Sunday, 30 December 2012

Decision on Telangana in one Month

New Delhi:  A meeting called by the Home Minister to discuss statehood for Telangana today yielded not a solution, but the promise of a solution within a month. Home Minister Sushil Kumar Shinde also promised that this would be the last all-party meeting on the issue, but refused to share details of what was discussed. The K Chandrasekhar Rao-led Telangana Rashtra Samithi has called for a bandh in the Telangana region tomorrow.
Mr Shinde said after the meeting that in finding a solution, the concerns of both the pro-Telangana side and of those who did not want Andhra Pradesh divided, would be considered. He appealed to the youth of Andhra Pradesh for calm, saying: "A decision will be taken within a month... we have heard the members of various parties... we have noted their views and will brief the government about it." People of the Telangana region have for long been demanding that it be carved out of Andhra Pradesh into a separate state. Those in other regions oppose any move to split the state.
K Chandrasekhar Rao or KCR said it was "a thoroughly useless meeting...I am dissatisfied. Do we really require one month's time? We don't believe them. We will take a decision about the future process. I announce a Telangana bandh tomorrow."
At the meeting, the Congress's two representatives spoke in different voices. Suresh Reddy supported a separate Telangana and Gadde Venkat Reddy spoke for a united Andra Pradesh, underlining the ruling party's dilemma. All the regional parties want the Congress to take a decision on the issue. The Congress has so far not done so as it has adamant partymen on both sides of the argument digging in their heels. 
Eight of Andhra Pradesh's leading parties attended today's meeting - the Congress, the BJP, the Communist Party of India-Marxist, the TRS, the TDP, the CPI, the All India Majlis-e-Ittehadul Muslimeen and the YSR Congress.
Each party was asked to send two representatives to the meeting. For parties like the TRS, CPI and BJP, which want a separate Telangana, this posed no problem. But for parties that have political stake in coastal Andhra Pradesh and no clear mandate on the issue, like the Congress and YSR Congress, it would have proved a tough task picking those representatives.
Parties like the CPIM and AIMIM are opposed to the division of the state. TDP chief N Chandrababu Naidu has already hinted that his party will reiterate its stand taken in 2008, when it said it was not against the demand for a Telangana state. The Jagan Mohan Reddy-led YSR Congress has said it will spell out its stand on the issue only after the Congress makes its stand clear.
The TRS had fronted the campaign for a new state in 2009, with its leader KCR going on a lengthy hunger strike that gave new momentum to the Telangana movement. The Centre then constituted a committee in 2010 under the chairmanship of retired Supreme Court judge BN Srikrishna to find an amicable solution.

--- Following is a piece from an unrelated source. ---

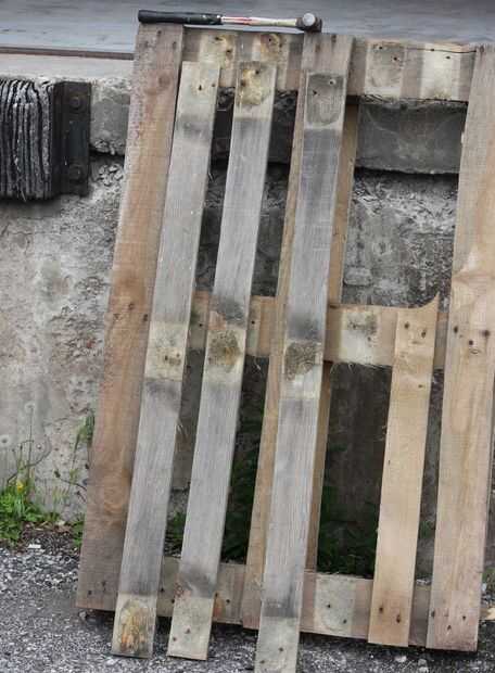 También fueron algunos de los palets usados que fueron puestos junto con grapas. Éstas eran mucho más difíciles de desmontar, pero hemos sido capaces con el mismo martillo y un poco más grasa del codo. Porque las grapas son más difíciles de eliminar completamente, simplemente cortamos los extremos con una tronzadora antes de trabajar con el material.

The committee submitted its report a year later but placed before the Centre several options rather than recommendations on how to handle the three parts of the state: Coastal Andhra, Telangana and Rayalaseema.
Mr Shinde had said that report would not be the basis for "consultations" at the all-party meet today. 
Mr Shinde's announcement on December 4 convening the all-party meet today had kindled hope that the Centre would try to find a solution to an issue that has caused much turmoil in Andhra Pradesh for the last three years. However, the Home Minister had made clear that the consultation process would continue "till we find a final solution".
About 50 people who had gathered outside the North Block in Delhi raising slogans in support of a separate Telangana state were removed by policemen. The area has been under heavy security cover after protests against the brutal gang-rape of a 23-year-old medical student in Delhi turned violent last weekend.